Mark Holtorf: Thank you very much Emmanuel.  Hello everybody and welcome from my side as Deborah mentioned earlier, I’m a partner in our Munich office and I’m heading the German IP team and therefore I would like to inform you about the recent developments and views in Germany post-Brexit.

So let’s start with an update on the ratification process in Germany, and let me raise the question why Germany hasn’t ratified yet.  The reason is, unofficially at least, that Germany was supposed to be the last of the 13 countries but also the last of the 3 countries, England, UK and Germany to ratify the UPC Agreement.  The reason was that Germany was supposed to wait until everything is in place with regard to the technical requirements but also to the legal requirements and then the stuff for the unitary patent package so that at the time when Germany would ratify everything and actually go live afterwards. 

How’s the situation now?  Germany has two chamber system when it comes to the ratification of these types of international agreements as the UPC Agreement.  The first chamber is at the Federal Council which is the representation of the Federal State in Germany as the draft law for the ratification path, the Federal Council without changes, the draft law is now in the parliament and it already passed the first reading and it’s now in the sub-divisions of the parliament which is exactly the way it should be and the ratification in Germany is expected after the Summer break so some time in Autumn irrespective of the situation in the UK.  Together with the ratification law Germany will also enact a second law which will deal with the changes to the German national law in particular the changes are relevant with regard to the German patent law, so in Germany in terms of ratification everything is on track.

So let me then give you some insights from a patent conference that was held a few days actually ago here in Munich at the EPO.  It was a quite big conference with about 200 participants from government but also from unitary patent systems, patent attorneys, lawyers.  Mr Battistelli gave the opening speech and he, I would even say expressed his view that he expects the UK to ratify very soon now.  This was his view, as Deborah mentioned this is probably the most unlikely situation but anyway this is what he emphasised.  His alternative scenario if this is not going to happen was that he expects Italy to replace the UK and Mr Battistelli mentioned that he would think that in this scenario a delay of 2 to 3 years would be reasonable.  For the time being all the preparation for launching the system will however continue, this is too, for the IT preparations, this is too for human resources, this is too for training of the individuals, by the way about 840 applications to become staff in the unitary patent system have been files.  Two thirds of these applications were for technical jobs and about one third for legal jobs.

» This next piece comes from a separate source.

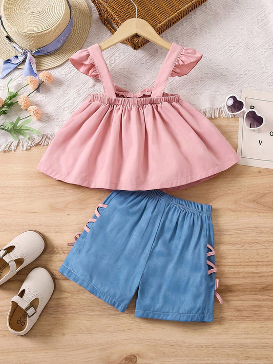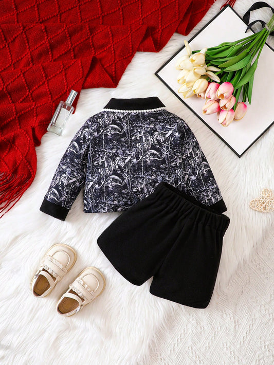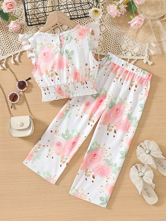 زي مطبوع بطبعات الأزهار 2قطعة للفتيات الصغيرات

So what’s the view of the German Industry and the German legal community post-Brexit with regard to the unitary patent package?  I think the view of the German Industry can be summarised by looking at what we call the voice of the German Industry which is the German Federal Industry Association and they express officially that they very much hope that the UK will ratify as soon as possible so they have the same position as Mr Battistelli which is probably not very surprising because Germany as an export nation, the German Industry is very much interested in obtaining international patent protection for relatively low cost and with low administrative burden.  The German legal community is a little bit more sceptical for example the German Association of Patent Attorneys expect at least a significant delay and the Association of Munich Patent Professionals even takes the view that Brexit could be the end of the unitary patent system.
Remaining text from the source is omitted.